Dean of Arts and Sciences Adam Jaffe, along with Provost Marty Krauss and Chief Operating Officer Peter French, has begun to meet with each academic department to discuss future action on the University's integrated planning initiative. Hopefully, this is a sign that the administration has learned its lesson from last year's ill-conceived attempt at curricular reform. Although the situation looks much improved this semester, we are still worried that those lessons have not yet fully set in. Mr. Jaffe's proposals included the elimination of the linguistics major, along with the teaching of ancient Greek, the Ph.D. music program in composition, one third of the physics faculty and other cuts. Mr. Jaffe also suggested additions to the staffs of economics, East Asian studies and other areas.

Worse than the suggested cuts was that rather than engaging the community in a discussion about the University's academic vision and budgetary priorities, Mr. Jaffe made his sweeping proposals with almost no input from faculty or students.

The process actually seemed to play out in reverse: "concrete proposals ... were announced, followed by a community forum to discuss the principles of Arts and Sciences planning," wrote the faculty committee empanelled to evaluate the proposals in its highly critical report in February.

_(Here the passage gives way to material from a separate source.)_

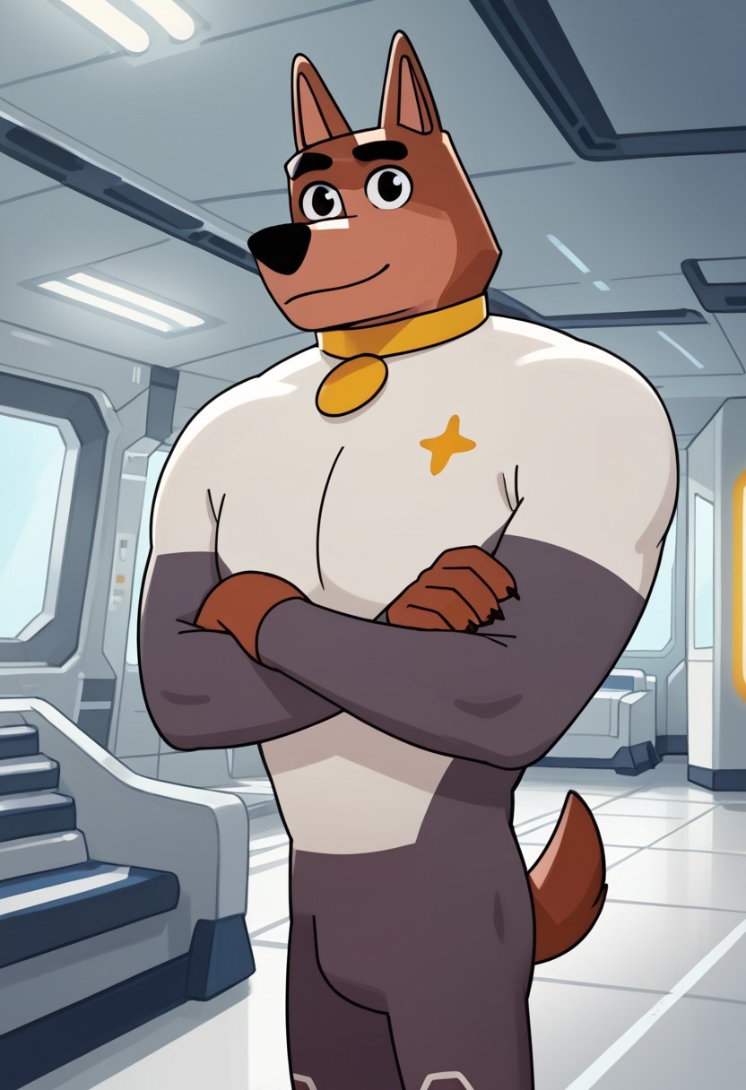 brown fur, black eyes, black eyebrows, dog ears, dog nose, big nose, black nose, dog tail, small tail, four fingers on arms, muscular

The aftermath of the proposals-finally withdrawn following the release of that committee's disapproving report and continued faculty opposition-has left the community, including this editorial board, wary about the future of curricular reform. Still, we are encouraged by the recent efforts by the administration to solicit the opinion of faculty members through meetings with professors in each academic department. These meetings, had they occurred one year ago, might have prevented the wounds made both to the academic community and to our University's reputation, which have yet to heal.

Unfortunately, Mr. Jaffe is being rather reserved when speaking about the meetings and he has yet to foster an environment in which faculty feel they can speak openly about their own ideas.

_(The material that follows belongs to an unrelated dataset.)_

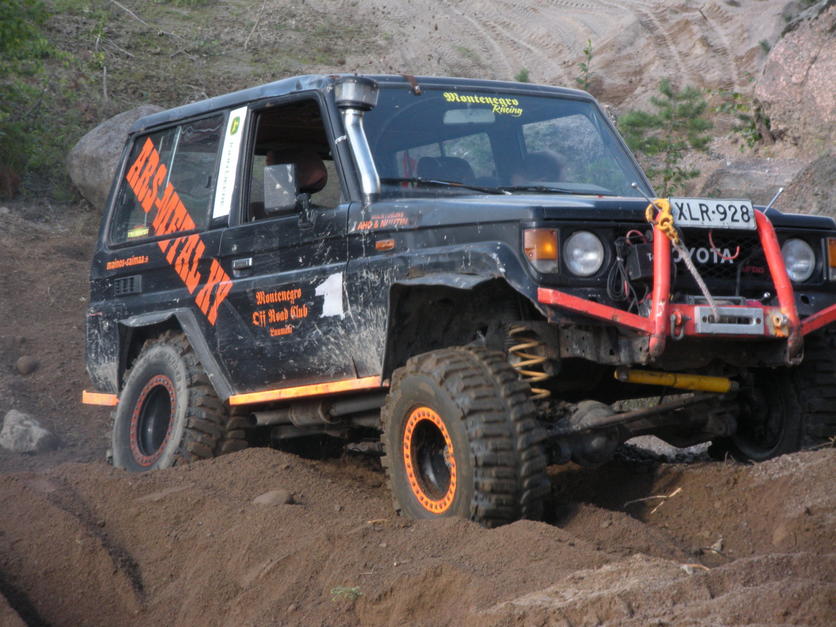 1. Arska/Matta V8 LJ 16vp 2.Mörkö Range 22vp 3.Ristola/Aapee LJ 22vp 4.Hämppy/Aapee LJ 22vp 5.454SS Cherokee 25vp Repro LJ 25vp 7.Huopainen Range 36vp 8.Tukkijulli Cherokee 38vp 9.Make LJ/BJ/SJ 40vp 10.Savu Wagoneer 53vp 11.Emppu Blazer 54vp (jätti yhen jakson ajamatta eli sai niistä maksimit )12.Reiska BJ 57vp 13.jussithegreat 71vp Toisesta, kolmannesta ja neljännestä sijasta oli kova taistelu joka piti ratkaista nyrkein mutta päädyttiinkiin ylimääräiseen special rataan jossa voiton ratkaisi se joka saa auton nousemaan korkeimmalle, taka-akselin kohdalta katsottiin noustu matka eli tulos. Kiitoksia kaikille mukavasta iltapäivästä, enemmänki olisi toki kisaajia mahtunut. ![]() Ja siihen hirviömonsteriV8BJ+44"boggerit, ÄKKIÄ etsimään hitaampia välityksiä, olisi mukava nähdä radalla. |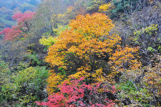與以往紅葉節(jié)不同的是,今年的堯山紅葉節(jié)增添了堯山新索道等新亮點(diǎn)。乘索道賞紅葉,遠(yuǎn)山近坡,滿山色彩豐富。鮮紅、橘黃、金黃、粉紅、豆綠,顏色層次分明,梯次分布,瑟瑟秋風(fēng)中,滿山紅葉看似紅霞,排山倒海般向您而來。

"We don't think we can walk in and just have a casual discussion" with the administration, Ann Olga Kolowski-Ostrow, the chair of the threatened classical studies department, told the Justice last week, adding that though she had proposals for her department's future, she did not want to comment on them.

It is vital that the administration foster an atmosphere of academic openness and peer review, rather than one of political maneuvering and backroom deals. And so Mr. Jaffe, along with Ms. Krauss and Mr. French, must make concrete efforts to make their operations transparent to the entire community. Not to do so is to risk a repeat of last semester's debacle, and the simplicity with which this can be accomplished makes any lack of action inexcusable.

An online bulletin board, where administrators report without exception or self-censorship on the discussions that take place in these meetings, would provide the community access to the ongoing thought processes and give it an opportunity to post comments and questions about those reports. Such a process could also provide a vaulable blueprint for live, community wide forums about the issue.

This would prevent the perception-justified or not-that the administration is operating in the dark and disregarding the will of the community. It would also foster a feeling that reforms will come only after a genuinely participatory process, rather than through one that serves only as a disingenuous means to a predetermined end. If students and faculty cannot trust that the administration is listening, any proposed curricular reforms will inevitably divide the community, dooming any changes long before they are fully considered.